The Actual Life series became the defining sound of a generation that came of age during the pandemic, reaching audiences for whom the dancefloor and the voice note existed on the same continuum. Fred Again’s hold on Gen Z is rooted in a specific formal decision: by naming tracks after the people sampled, “Marea (we’ve lost dancing),” “Julia (Deep Diving),” “Danielle (smile on my face),” he turned production credits into emotional acknowledgement, making listeners feel not just heard but honored. His sets, which routinely sell out arenas and festival main stages, retain the intimacy of that gesture at scale, and his cross-genre fluency, moving between house, UK garage, drill, ambient, and electronica within a single performance, gives him a cultural reach that few electronic artists have sustained.
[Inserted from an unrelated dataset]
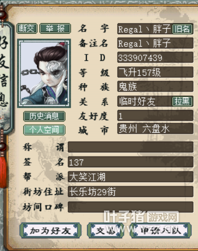 三、对当事人Regal丶胖子的采访: 木兰似雪丶:您好#23我是记者小真#23噢,不好意思,打扰到您了#11我有些事情想跟你了解一下#11 Regal丶胖子:说吧 木兰似雪丶:就是吉吉帮派上次押镖冰怪150回合的那件事情,您作为当事人之一,想跟您了解一点情况。 Regal丶胖子:相信你已经看过那个帖子了,那都是真的。 木兰似雪丶:我看到了,昨天吉吉找到了我,跟我也说了一下事情的经过,我想问一下,就是这个冰怪150回合的朋友,他为什么要选择去冰押镖怪150回合呢! Regal丶胖子:帮战第一场结束,帮派开镖。我在帮派喊组队押镖,内容大概就是 来炮 人带大力宝宝 不带的被踢别找我。 木兰似雪丶:接着呢! Regal丶胖子:押镖开始 第一场战斗 那个男人 带的血剑精灵 而且不操作。战斗结束 我直接T的。 木兰似雪丶:再后来呢? Regal丶胖子:后来他找我 我没理他。第二次镖车开,他自己喊的组队 不知道组没组上。第二次镖车 第一次战斗 他战斗直接大B。 木兰似雪丶:这就是事情的开始,是不? Regal丶胖子:没错 木兰似雪丶:然后吉吉知道后,将这个男人号T出了帮派,但是任务无法取消,吉吉又联系GM,才解决这件事情是不? Regal丶胖子:是 这是前一部分,然后就是我帮派截图开始了。 木兰似雪丶:恩,后续的事情,我也了解过了。吉吉当时不想让事情闹大,直接把旭哥T出了帮派,后续旭哥又回来了,然后您就离帮了,对不对啊! Regal丶胖子:你可以尝试加一下我发帮派截图里面的那些人 还有叫什么兰蓝的。 木兰似雪丶:您的截图内容我看过了,也了解了事情的内容。我想问一下您,您在这个帮多久了啊! Regal丶胖子:我主号一年多,这个号是刚移民过来的。我在帮派很活跃 大家都知道我。 木兰似雪丶:如果没有发生这件事情,您对这个帮的第一感觉是什么呢? Regal丶胖子:如果没有这个事 感觉还不错的 但是帮主的做法 让我现在很恶心。 木兰似雪丶:这个感觉还不错,能说的详细一点吗? Regal丶胖子:我这个人不求什么 安安稳稳的心态 如果不出什么事的话 我号估计能老死里面。我个人对帮派不怎么感冒 不喜欢今天这里 明天那里的生活。 木兰似雪丶:那小真我可不可以理解为,您对这个帮派的感情还是非常深的? Regal丶胖子:深谈不上。只是以前喜欢冷心他们的直播 那样逗比。 木兰似雪丶:那现在你离开这个帮派,在新的帮派里,有什么新的体验吗? Regal丶胖子:这边有我的朋友 一样可以各种吹牛逼 而且没有人装B。 木兰似雪丶:说真的,我昨天对这件事情了解的非常多。 Regal丶胖子:那你可以说说你的看法 木兰似雪丶:吉吉出于对帮派的管理,而旭哥也是这个帮的老人,你们之间的矛盾是因为押镖引发的。而旭哥他也是个火爆脾气,那天因为也喝了点酒,所以说话,没有多去考虑,后续才知道对帮派的影响有多大!对于这些种种,每个人的出发点都是不一样的,冰150回合的男人耍了小性子。没有顾全大家。你则是事前说明的很清楚,但是他耽误到了你的时间,后续也耽误了大家的时间。本来就有气,后来他又冰怪150回合,气上加气。然后在加上旭哥帮里跟你的对立,导致最后相互之间的矛盾激化更大,然后发生了后续的这些事情!我这样分析,可以吗? Regal丶胖子:这不是气 这是人品。旭哥那个就是倚老卖老 来装的。 木兰似雪丶:我明白了!很高兴您能接受我的采访#23 Regal丶胖子:做为一个3年的老人 能不站在帮派角度考虑事情#55 木兰似雪丶:他昨天晚上,我跟他聊过后,他给全帮的人道歉了。 Regal丶胖子:这就完了?说难听点 是不是 我杀了人 然后道个歉就算完了? 木兰似雪丶:我的采访结束了,我只是想真实的还原这件事情,至于谁的对还是谁的错,小真是旁观者,就不多下定义了#23 Regal丶胖子对帮派人道歉了 那当事人呢#55 木兰似雪丶:都没有错,也都有错。您还有什么要跟我补充的吗? Regal丶胖子:补充就是,道歉有用的话 还要原则干嘛?他和人是兄弟 别人就不是了?这不是过河拆桥 这是什么?最后一句话 天在做 人在看 自己做了就要负责。 木兰似雪丶:谢谢你接受我的采访#23

The parallels with Anderson are more than formal. Both artists operate as accumulators rather than originators, treating existing material as raw input to be displaced and rebuilt rather than referenced and replicated. Anderson described his own show notes as positioning the collection around making the “familiar transformed and the subtle, magnified,” language that maps directly onto Gibson’s stated approach to sampling: “I only use things that fundamentally jump out as something pure or honest.” Where Fred Again builds tracks by reworking voices found in the world, Anderson builds garments by reworking codes found in the archive. A silk shirt carried embroidery based on a trompe l’oeil scarf motif from the 1979 Dior haute couture. Footwear artisans replicated 19th-century embroidery by hand on a classic suede lace-up. The tuxedo, the show’s protagonist, was reimagined in organza-like fabric printed to appear like tailored wool, its formal identity preserved while its material logic was replaced entirely.

Anderson also noted rave culture as the social force underpinning both the collaboration and the collection’s energy. “Rave culture is starting back up again,” he told the press. “You see it in the suburbs. You see it outside the city. They’re mixing things. They’re playing.” Fred Again represents the current apex of that culture’s creative output: a producer who turned pandemic-era isolation into club music and club music into arena events, without sacrificing the intimacy that made either meaningful. Bringing him into the Musée Nissim de Camondo, a turn-of-the-century house built to mimic 18th-century architecture and currently closed for restoration, was itself a curatorial argument. Anderson described the pairing as “juxtaposing the historic and the contemporary and bringing Fred Again’s music into this typically quiet place.” The venue’s condition, mid-restoration and slightly undone, was the point.